Removing code wasn't our main goal; learning how to make such a tool is also valuable. Making a cargo subcommand is as simple as prefixing the crate name with cargo-, but between reading compiler output and parsing code for unused/empty structures, there seemed to be more than enough interesting things to do.

So let's quickly go over each of the major components of this project.

Parsing arguments

For parsing command-line arguments, we decided to use the gumdrop crate, because we wanted to try something other than clap. gumdrop is a lightweight command line argument parser that uses a derive macro to define the program's input. It works very similarly to clap with the derive macro approach, but uses only proc-macro2 and syn as dependencies. Since this is a project that minimizes projects, minimizing the project itself seemed like a fun arbitrary goal that we completely ignored other than with this particular choice. gumdrop works like a charm, though!

Workspace resolution

Since this tool is quite similar to other Cargo subcommands, such as cargo fix and cargo fmt, we decided to ~~steal most of~~ take inspiration from their code.
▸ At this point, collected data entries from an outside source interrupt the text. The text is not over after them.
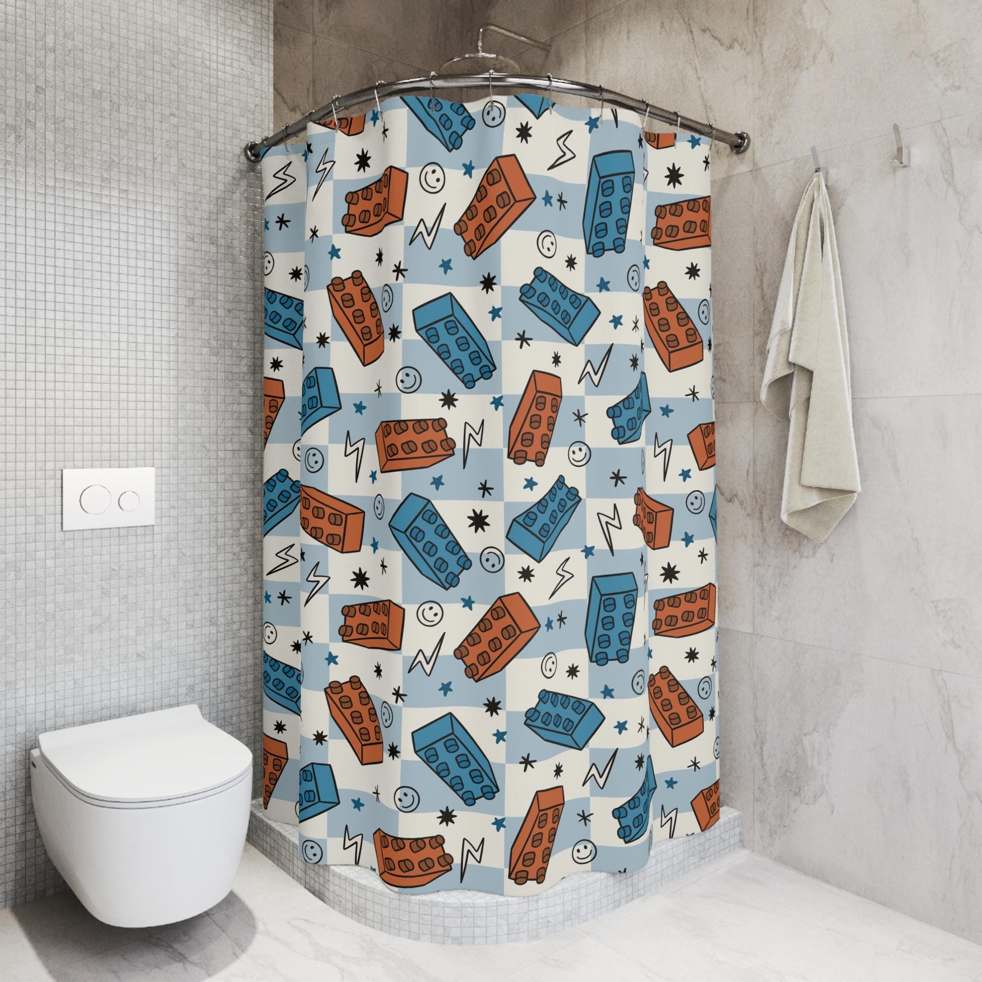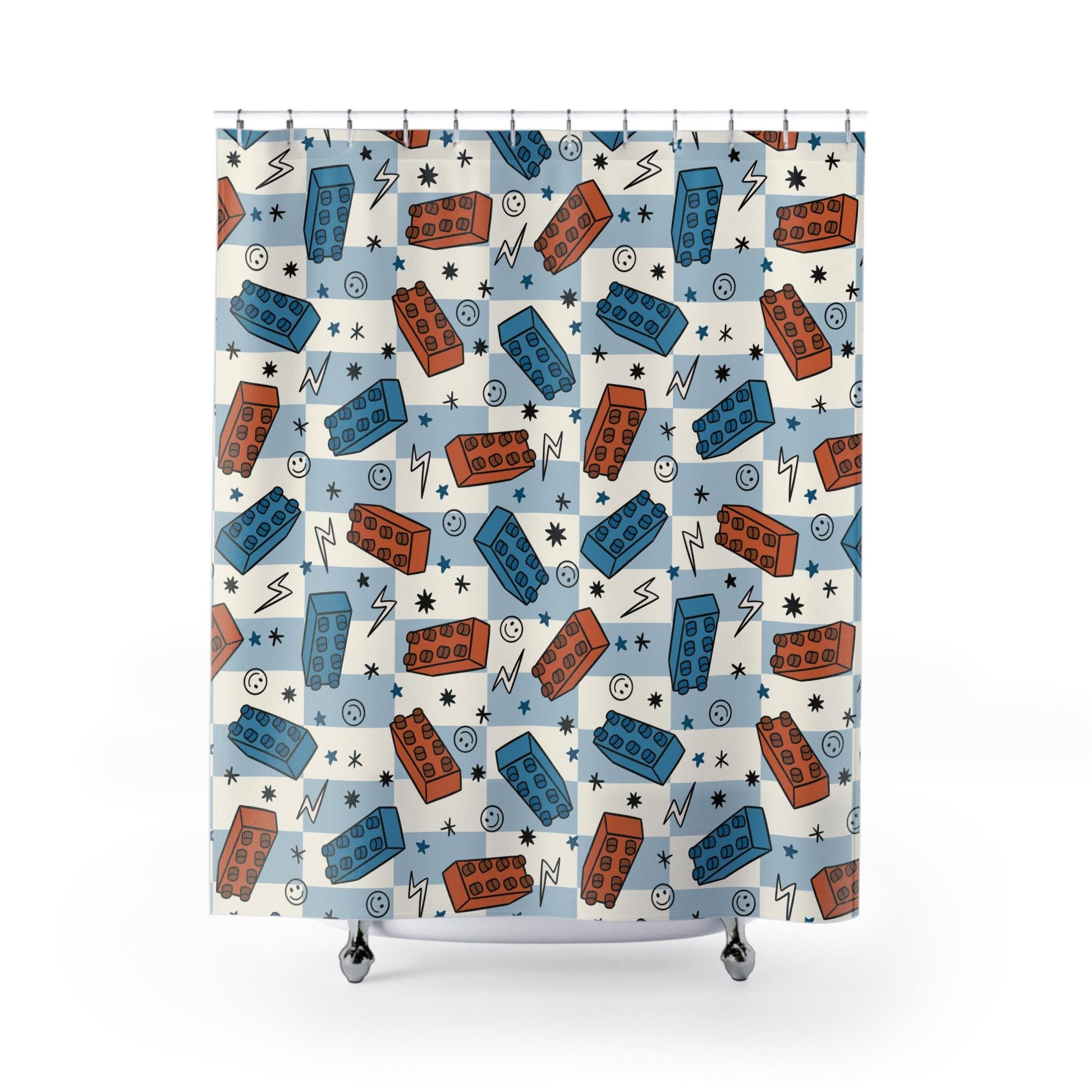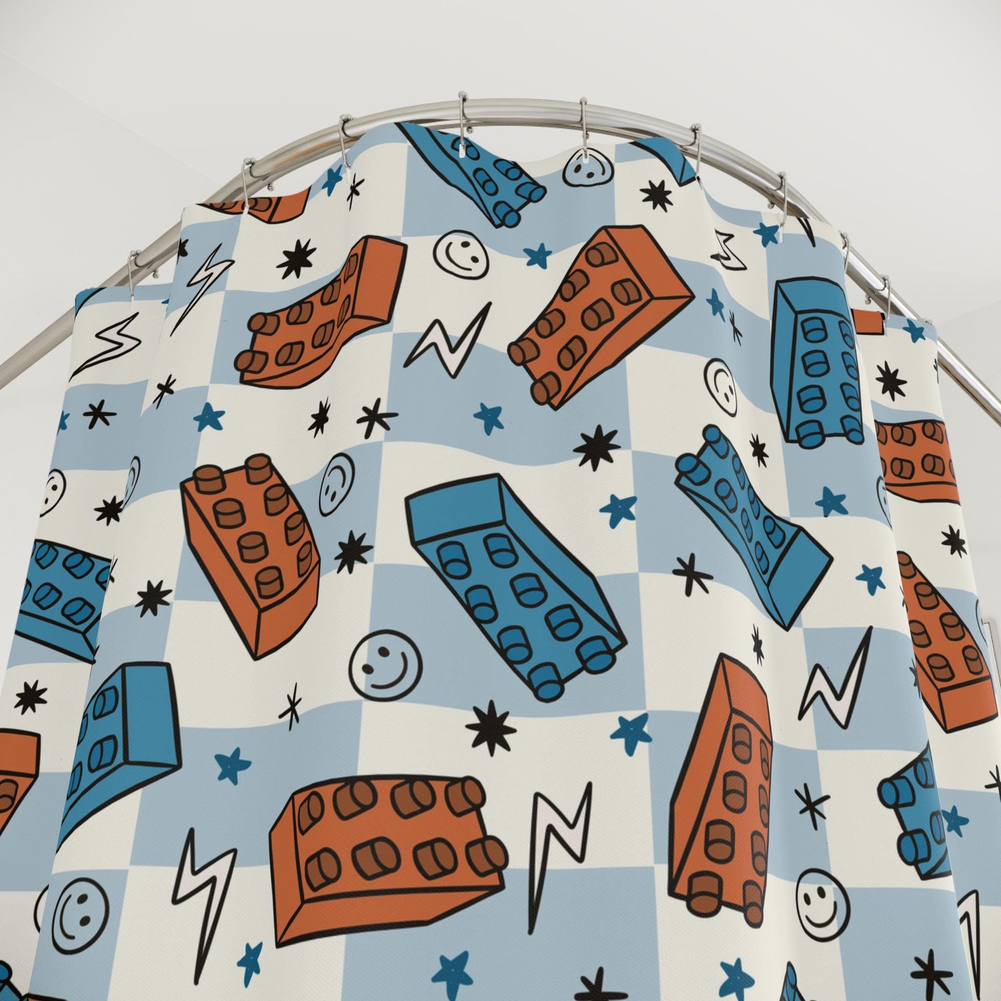 Boys Shower Curtain Blocks, Personalized boys bathroom shower kids curtain checkered, custom shower curtain, kids bathroom decor boys gift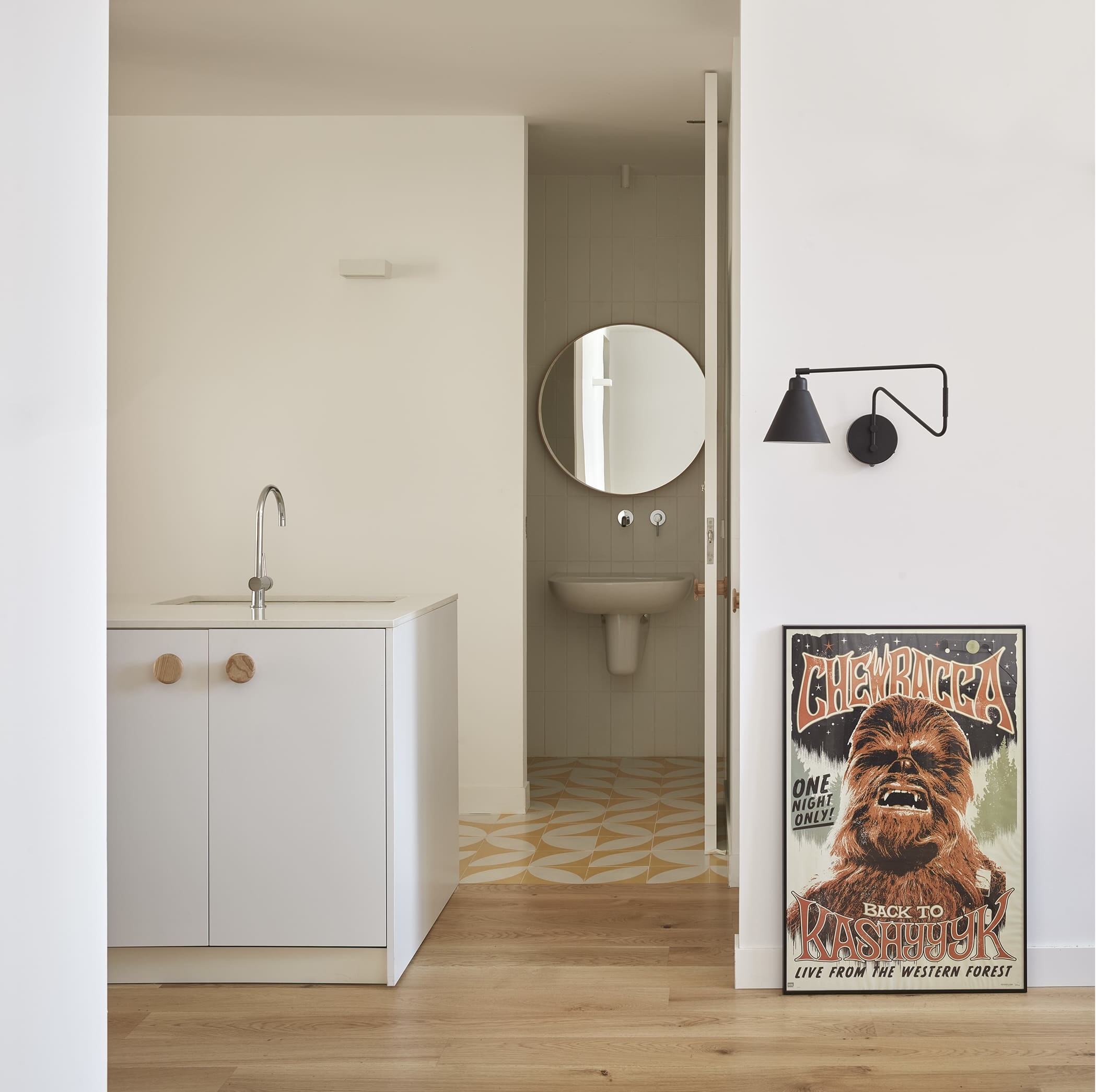 Hoy, esta vivienda respira contemporaneidad sin perder su memoria. Es un espacio que fluye, donde lo nuevo y lo viejo conviven con naturalidad. Los materiales cálidos, la luz filtrada y los acentos de color componen un hogar que invita a vivirlo: un lugar desenfadado, luminoso y lleno de energía, tan único como el barrio que lo acoge.
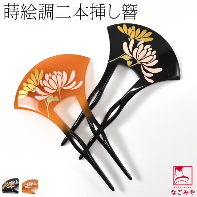 和装 髪飾り 結婚式 留袖 通年用 日本製 蒔絵簪 バチ型 菊 かんざし 簪 二本差し 礼装 大人 レディース 女性 10023310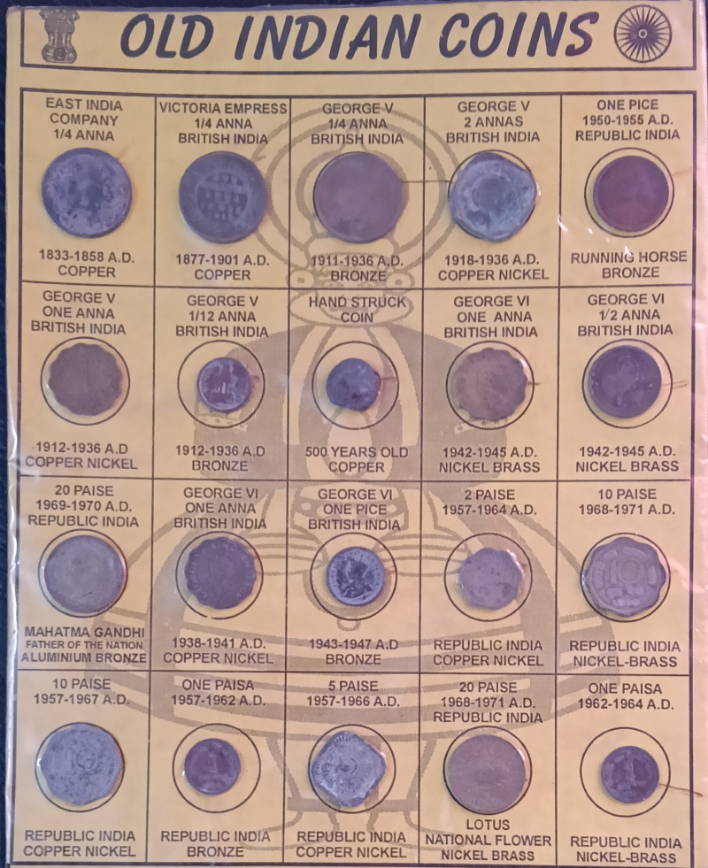 Old Indian coins 1,3,5,10,20,25,50 paisa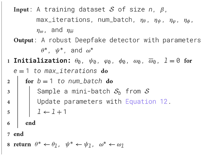 where is defined on , ηθ, ηψ, ηφ, ηϕ, ηω, and are learning rates, and , , , , , and are the (sub)gradient of with respect to θ, ψ, φ, ϕ, ω, and . In the testing phase, we only use the feature extractor G, attention module Adf, and the deepfake classification module C. The pseudocode is shown in Algorithm 2.
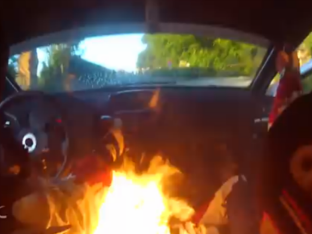 En Bélgica, el conductor y su copiloto competían por el rally Geko Ypres 2014, cuando de repente el fuego comenzó a expandirse dentro de su auto.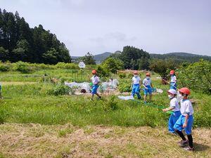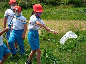 担任のO先生の注意事項を聞いて,早速,グループ毎に虫取り開始。みんな楽しそうです。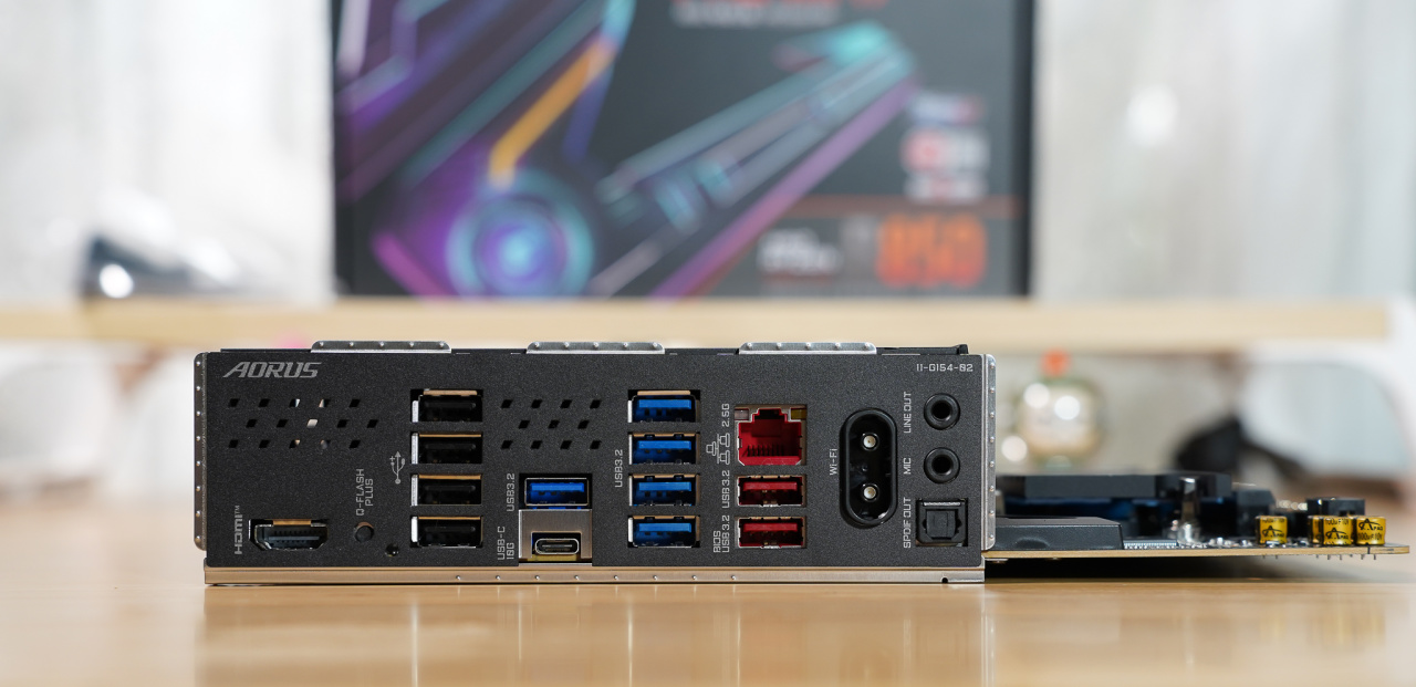 当机箱电源按钮按下,机箱内RGB彩光亮起的时候,我们惊喜的发现,原来这款技嘉主板在一体式IO上面,除了有AORUS的字样外,也有RGB彩光哦,而且是跟随主板的灯光控制方案的。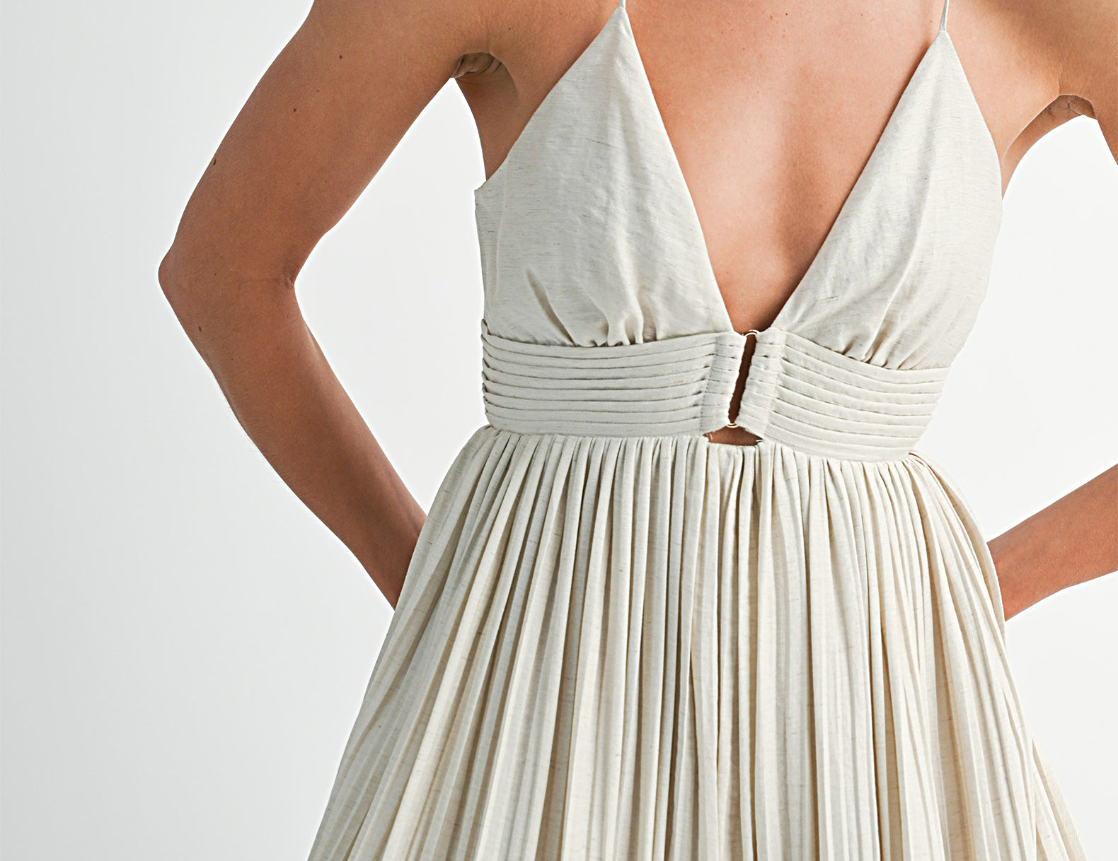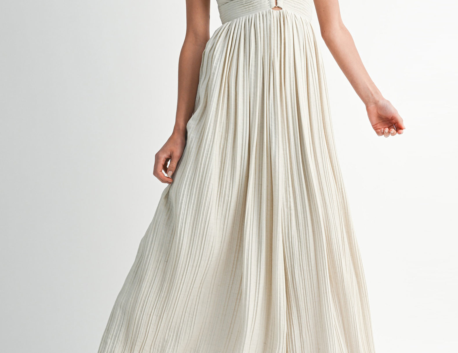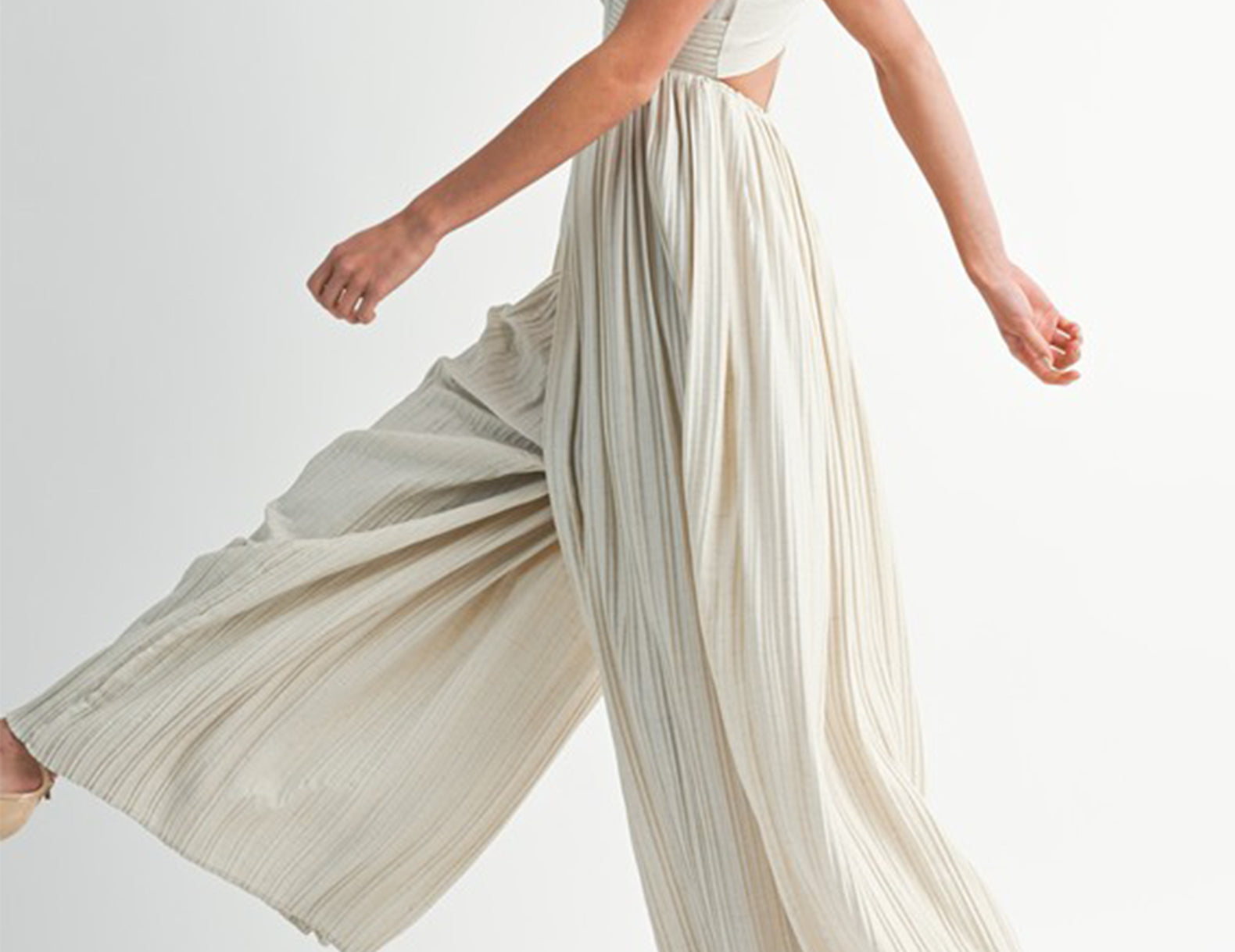 In a textural linen blend fabrication, the Maeve jumpsuit isn't loud, but it makes a statement. Below a triangle-cut bust, beautiful pleating defines the empire waist. Barely-there straps criss and cross at the back, intricately connecting the bottom to the top, and voluminous legs swish like a full, gathered skirt. Choose a bright lip and gold ballet flats for an elevated finish.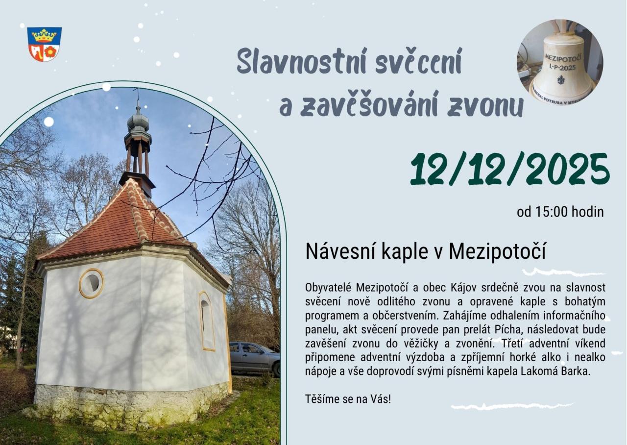 Obyvatelé Mezipotočí a obec Kájov vás zvou na slavnostní svěcení nově odlitého zvonu. Akce se koná 12. prosince 2025 v 15:00 hodin v návesní kapli v Mezipotočí. Program zahrnuje odhalení informačního panelu, akt svěcení pod vedením pana preláta Píchy, zavěšení zvonu do věžičky a jeho zvonění. Třetí adventní víkend doplní adventní výzdoba, horké alko i nealko nápoje a hudební vystoupení kapely Lakomá Barka.

Most of them run the cargo metadata command behind the scenes. Given the Cargo.toml file at the root of the project, cargo metadata displays all crates present in the current workspace, whether those are binaries, libraries, tests or examples, and a whole bunch of other data we don't really need. Combining this with a few flags in the command-line tool allows us to specify exactly which targets should be minified. By default, only the root package will be targeted.

Reading compiler output

Now that we know which packages to minify, it's time to determine which parts of the code are actually unused. At a glance, that appears to be quite simple, because the compiler already warns us about instances of unused code. However, there are things that can be considered unused but are not flagged as such by the compiler, and there are things that the compiler does complain about but likely shouldn't be removed.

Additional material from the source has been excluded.